• _Data section_:

+ + + + +

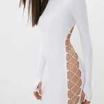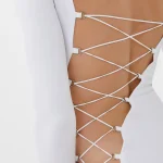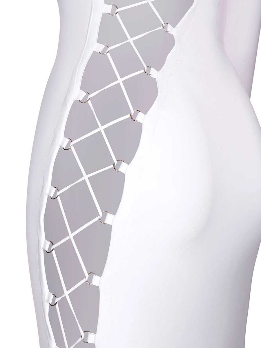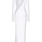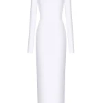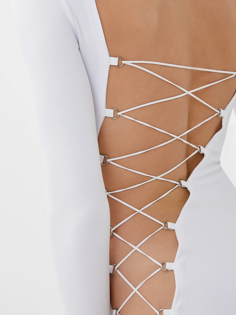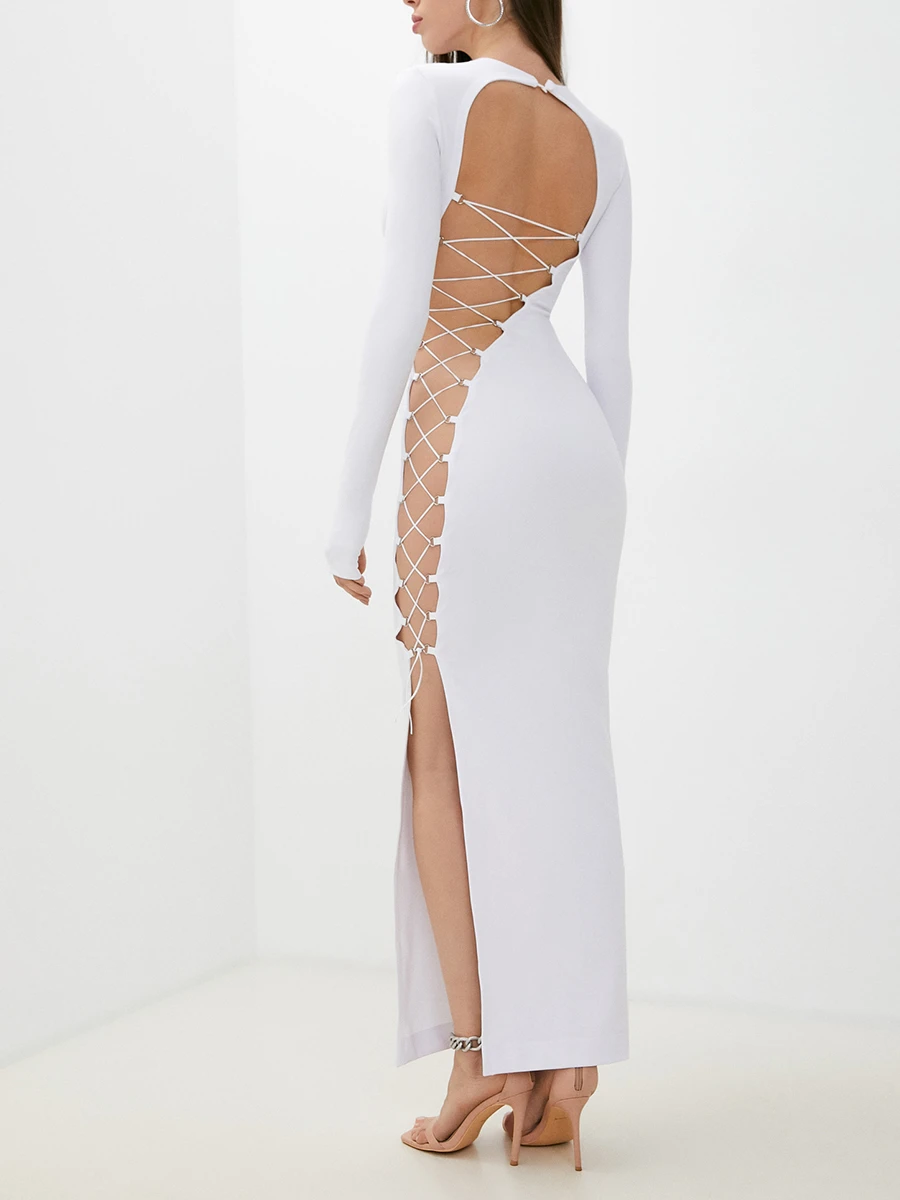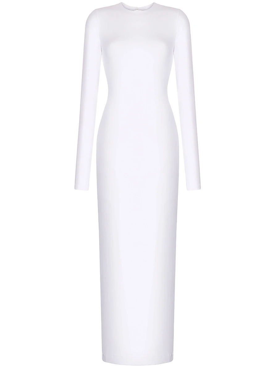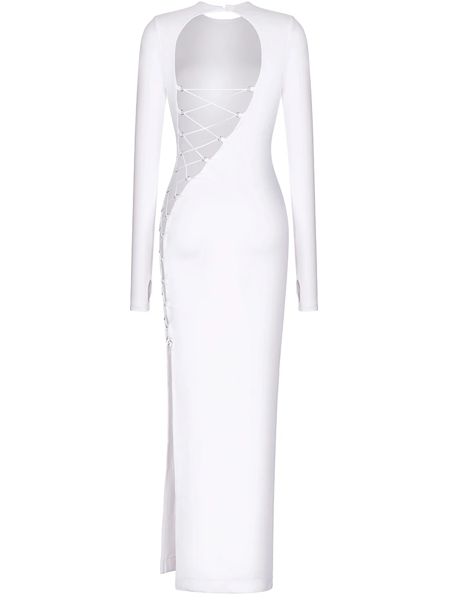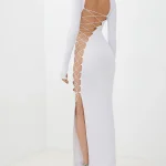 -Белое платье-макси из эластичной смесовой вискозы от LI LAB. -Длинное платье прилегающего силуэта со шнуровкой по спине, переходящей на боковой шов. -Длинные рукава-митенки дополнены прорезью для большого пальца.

+ + + + +

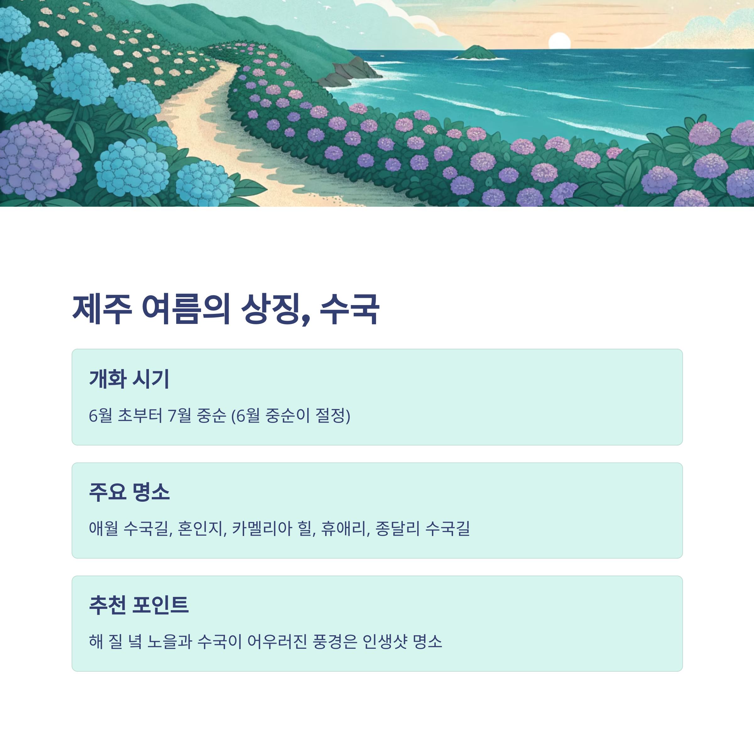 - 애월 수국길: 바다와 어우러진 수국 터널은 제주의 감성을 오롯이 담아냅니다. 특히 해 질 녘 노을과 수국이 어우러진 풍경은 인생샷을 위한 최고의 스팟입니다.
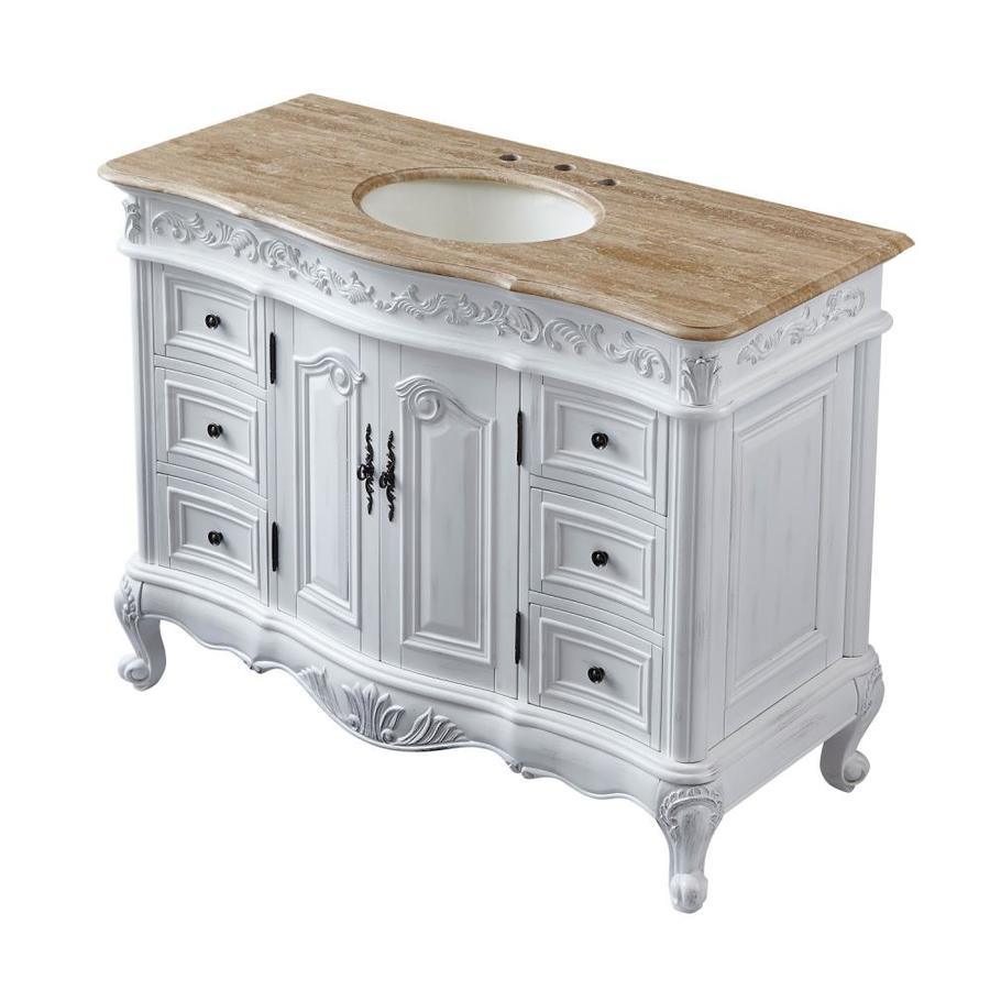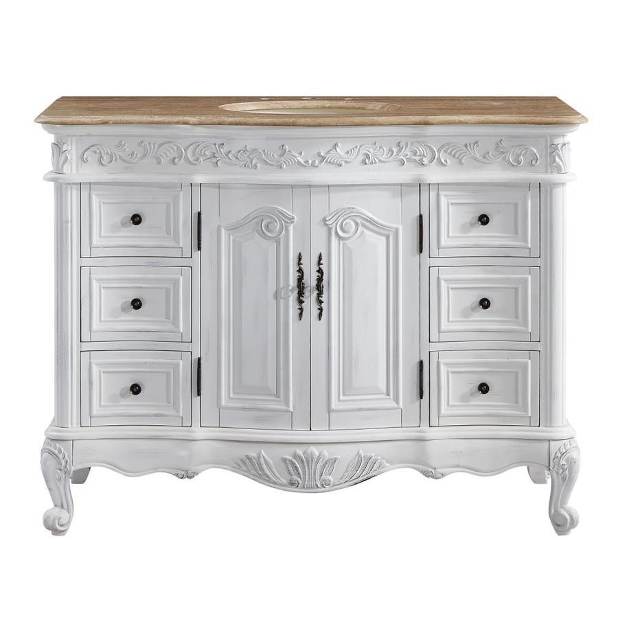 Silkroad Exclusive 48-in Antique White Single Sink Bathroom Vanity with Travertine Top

+ + + + +

• _Task directions_:
Your answer should be the lines above, word for word, from the line with "- 애월 수국길: 바다와" through the line with "Silkroad Exclusive 48-in", minus the pictures.

• _Exercise solution_:
 - 애월 수국길: 바다와 어우러진 수국 터널은 제주의 감성을 오롯이 담아냅니다. 특히 해 질 녘 노을과 수국이 어우러진 풍경은 인생샷을 위한 최고의 스팟입니다.
 Silkroad Exclusive 48-in Antique White Single Sink Bathroom Vanity with Travertine Top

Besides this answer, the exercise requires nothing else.